Other than bellicose books pointing us towards our perhaps immediate future, I read a novel (literature), a play, and a antebellum civil war book--all had a political bent that point towards American peculiarities that have forged us as a world power, racism (slavery) and the power of propaganda and misspeak. Plus a couple of other books of interest to me.
Here are the top ten books I read this year in my estimation, in the order of how much they caused me to contemplate, deeply or otherwise. Several were scintillating to me (page turners) and others were a slog to get through.
1. The Fires of Jubilee--Nat Turner's Fierce Rebellion by Stephen Oates (1975). Terrorist or Freedom Fighter?
2. Castles of Steel--Britain, Germany and the Winning of the Great War at Sea by Robert Massie (2003). This I considered to be a scintillating book (832 pages), especially the you-are-there lerngthy description of the Battle of Jutland, describing naval gunfire practically salvo by salvo.
3. Animal Farm by George Orwell (1946). Who could ever forget the image of stalwart, loyal Boxer being sent off to the glue factory by Napoleon when his usefulness was over as the other "free" animals watched helplessly in despair?
4. Inherit the Wind by Jerome Lawrence and Robert E. Lee (1955). The Scopes Trial in play-form (see: American racism).

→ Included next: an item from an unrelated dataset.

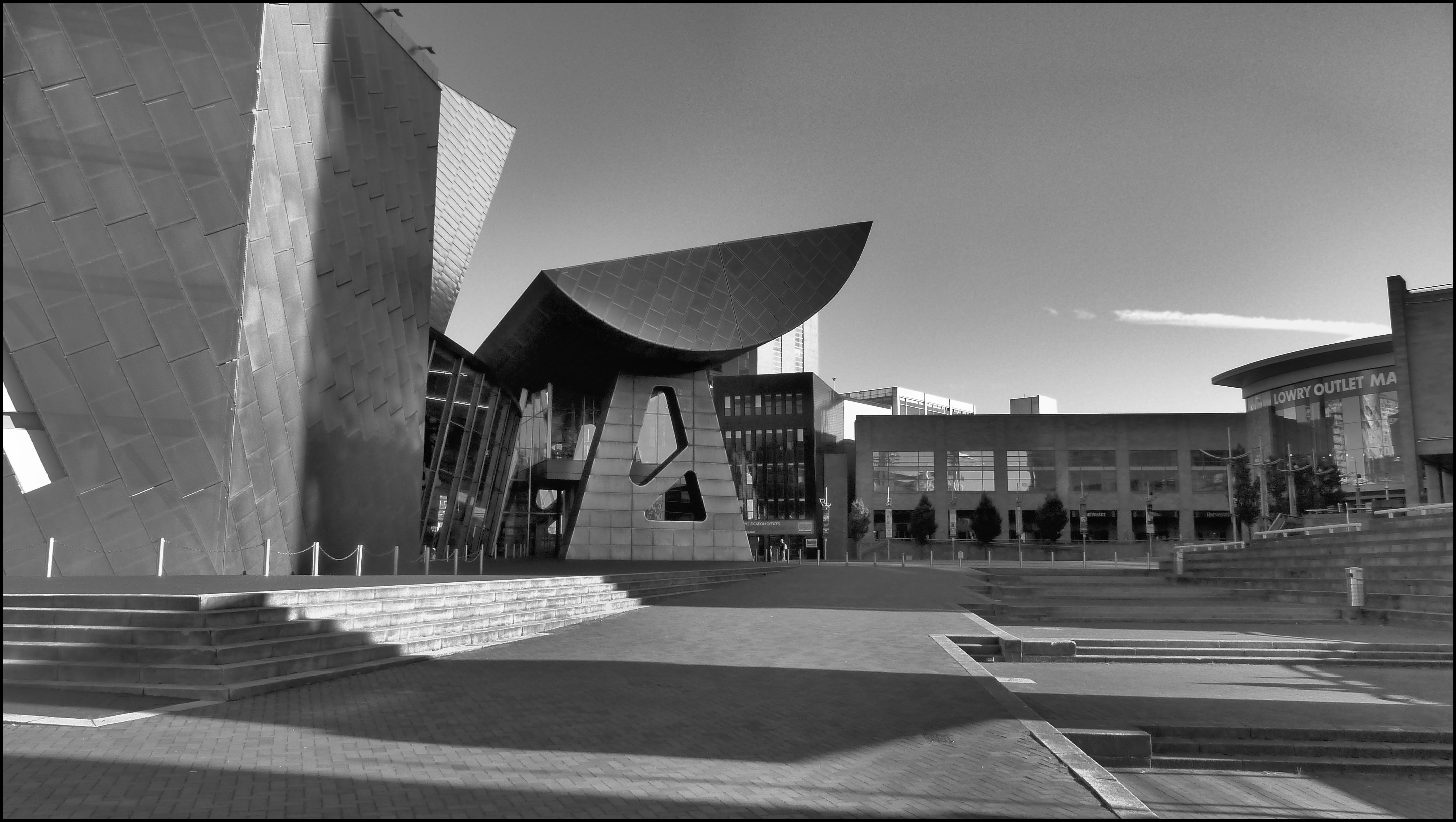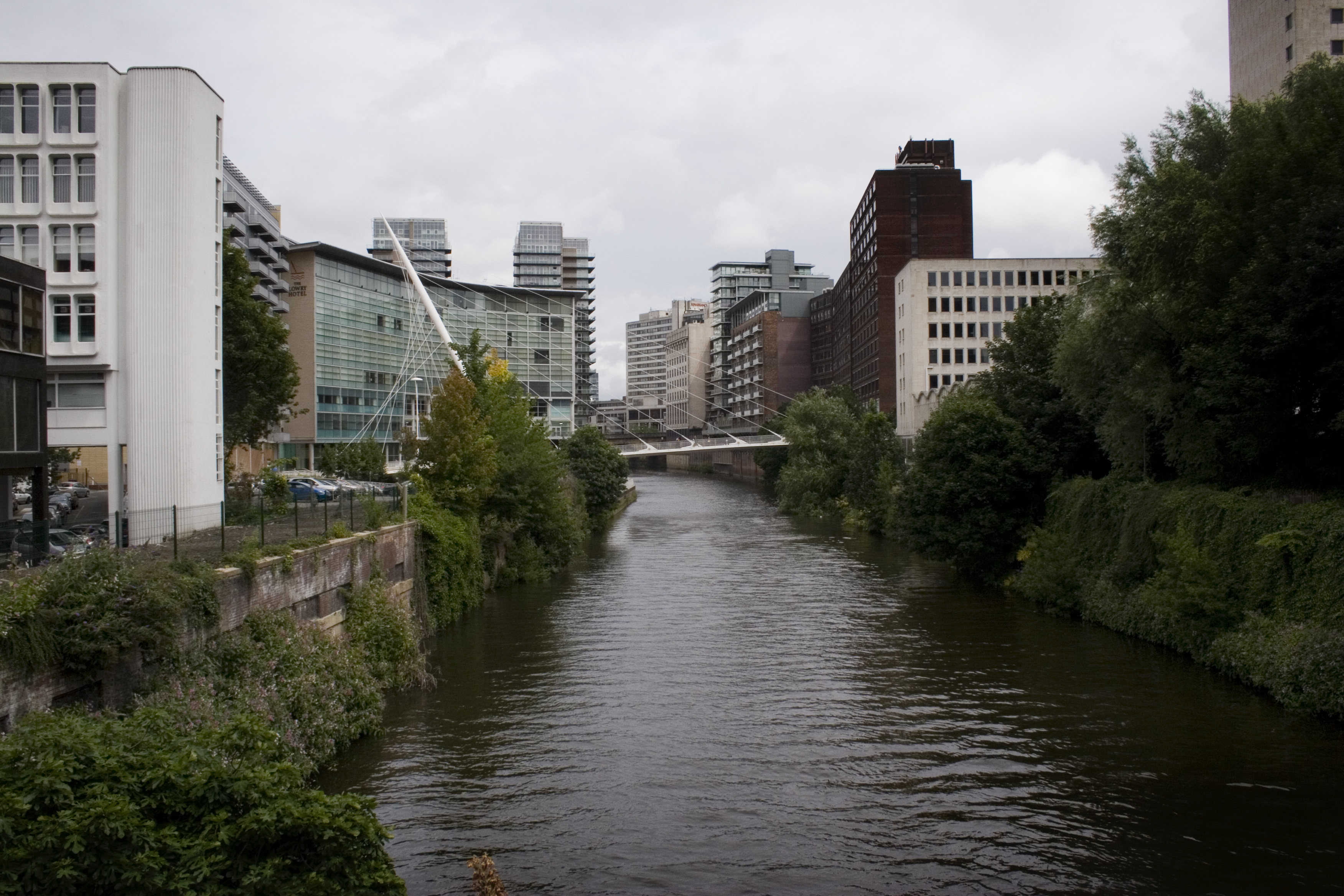 산업 혁명 동안 솔퍼드는 섬유 산업의 결과로 성장했다.[16] 솔퍼드는 인구 증가를 경험했지만, 맨체스터의 지배력에 가려져 상업 중심지로 발전하지 못했다.[17] 1894년에 맨체스터 선박 운하가 개통되어 머지강에서 솔퍼드 키스까지 이어졌다. 완공되었을 때 세계에서 가장 큰 항해 운하였다.[21] 운하 경로를 따라, 브리지워터 운하를 선박 운하 위로 운반하는 바턴 스윙 수로교가 건설되었다. 에드워드 리더 윌리엄스 경이 설계한 이 수로교는 100m 길이이며 1450MT의 무게가 나간다.[22][23][24]2. 3. 20세기 이후

5. Dreadnought--Britain, Germany and the Coming of the Great War by Robert Massie (1991). The steady drumbeat to a great war--especially chronicling the incompetent egotistical boob that was the Kaiser; the quoted foreign embassy dispatches often describe what a ridiculous strutting cock he was, shallow and a complete hindrance to old-style statesmanship and steady progress towards peaceful solutions--remind you of anyone constantly in the headlines currently?
6. Unbroken by Laura Hillenbrand (2010). The Louis Zamperini story of perseverance, survival and redemption, a true story set amidst the destruction and cruelty of World War II.
7. D-Day, the Battle for Normandy by Anthony Beever (2009). Apparently there are a few inaccuracies in this book but it provides an overview of the Allied assault upon Hitler's Fortress Europa and the 3-month slugging match between the Wehrmact and the Americans, British and Canadian forces before breakout in the Coentin Peninsula that followed the lodgment effected on June 6, 1944.
8. The Wehrmact's Last Stand--The German Campaigns of 1944-1945 by Robert M. Citino (2017). Like the Lost Cause, tough men fanatically defending a reprehensible regime.
9. Power at Sea--The Age of Navalism, 1890-1918 by Like A. Rose (2008). Two empires decline (France and Britain), several empires are vanquished (Austria-Hungary, the Ottoman Empire, and the German Empire for two decades), an empire is spawned (Japan), and an empire emerges (America).
10. The First World War by Hew Strachan (2003, 2013). World War I is an introduction to World War II and a presage to current times.